Thomas J. Wattley ’75, Lamar Albritton ’77, Bob Bellinger ’77, Dr. Loris Rayner ’76 and Richard Ammons ’74

Given the historical lack of access to pools, beaches and swimming instruction within the Black community, several spoke of how Penny’s story had affected the way they think of being in the water. Dr. Loris Rayner ’76, a pediatrician, said that when he counsels his patients about swimming safety, “I always talk about Gerald Penny.”

Jeanine Friedman ’82 is part of Team Dream, a  Chicago-based organization that teaches swimming to women of color. “When I’m diving in, I’m thinking this is a privilege, that I have someone who greets me with towels and says, ‘Your lane is ready, Mrs.
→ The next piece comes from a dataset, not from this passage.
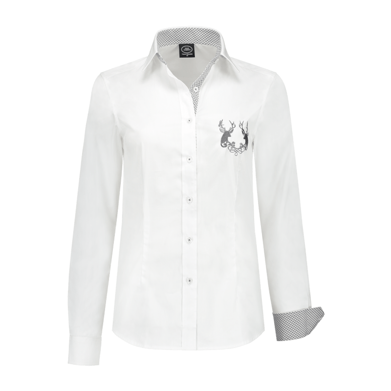 Damenbluse weiß, grauer Karo, Hirsch-Stickerei auf der Brust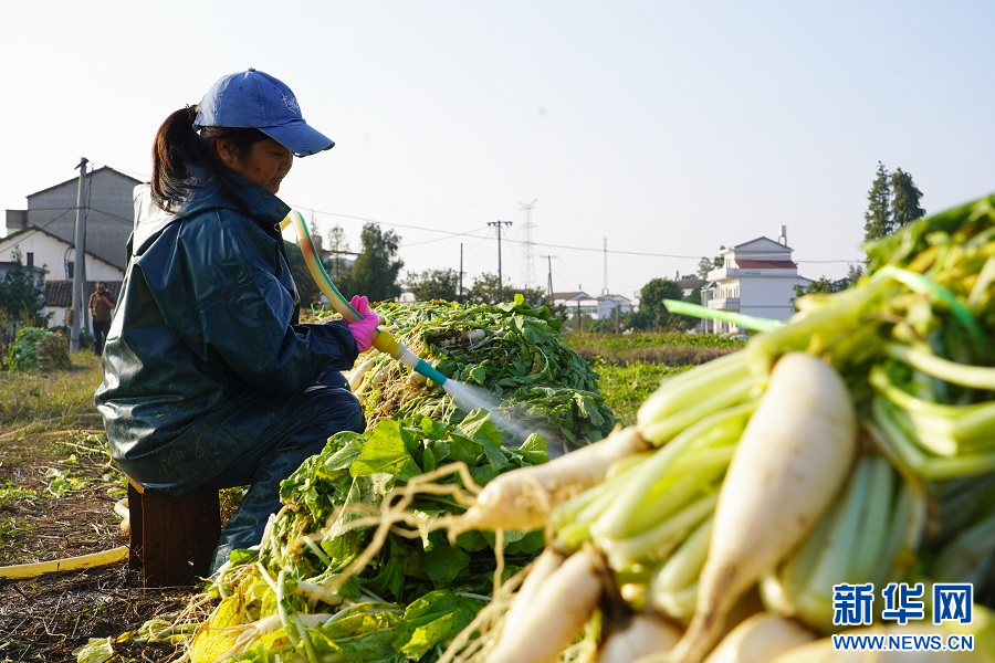 11月14日,在江西省南昌市南昌县柏岗村的田间地头,村民在清洗萝卜。新华网 王凯丰 摄

Friedman,’” she said, “and I think about Gerald Penny.”

Boykin-East read words from Jordan Trice ’24, who described how he felt when he learned about Penny’s death: “I remember my heart stopping, my throat tightening, and I remember feeling scared. How scared he must have been when he was standing on the edge of Pratt Pool and being told to get in.” 

Trice added: “Amherst has certainly changed since the fall day in 1973 when Gerald’s senseless death occurred. The College’s commitment to diversity has brought in students who have forced it to change, who have raised their voices continuously. We need to care for each other the way Sonia Sanchez cared for Gerald Penny those years ago.”